Feminist jurisprudence comes in many varieties which are essentially a lifeworld, or


worldview. At its simplest, feminism seeks equity, autonomy, and liberty. Liberal feminism (sometimes called second-wave feminism) asserts that history and law are characterized by male domination. Radical feminism abandons maleness as a reference point altogether. To

mention some names, Catherine MacKinnon and Andrea Dworkin (not to be confused with Ronald Dworkin, a proponent of precedent theory) are notable for their drafting of a Model Antipornography ordinance. Lenore Walker also wielded great influence in getting the battered wife syndrome accepted by courts. Susan Estrich is also widely known for her work on rape law reform.
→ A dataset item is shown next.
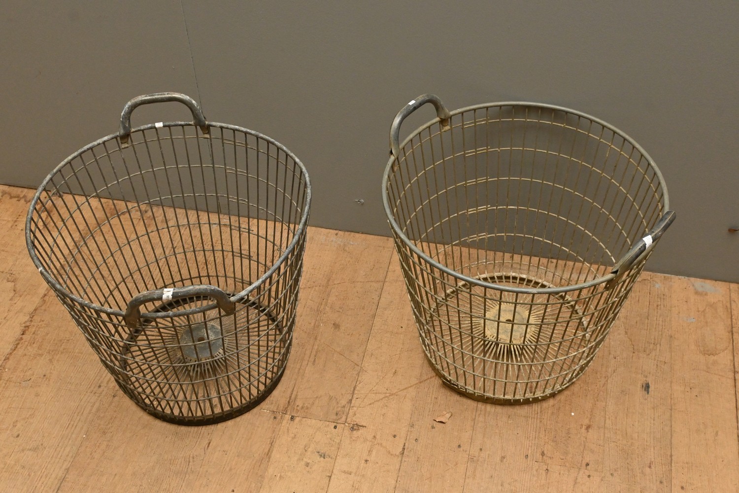 A PAIR OF FRENCH GALVANISED WIRE FORM FRUIT BASKETS (43H X 46D CM) (LEONARD JOEL DELIVERY SIZE: LARGE)

Critical legal studies (often abbreviated CLS) is an approach which believes that the
logic and structure attributed to law grow out of the power relationships in society. Law is nothing more than a mere collection of beliefs and prejudices which legitimize the injustices of society. CLS, as a whole, aims to overturn the hierarchical structures of society, and would like to see the law used as a tool for this. CLS draws from many sources -- feminism, Marxist, poststructuralism, postmodernism, deconstructionism -- and some of its leading exponents are Roberto Unger, Robert Gordon, Morton Horwitz, and Duncan Kenney. There's also subfields of CLS called critical race theory (CRT) which is concerned with the role of race in law, and critical race feminism, which is concerned with the impact of the legal system on women of color. Unger's analysis, for example, finds that judges exercise discretion in ways that favor capitalists over workers, men over women, teachers over students, adults over children, and whites over nonwhites.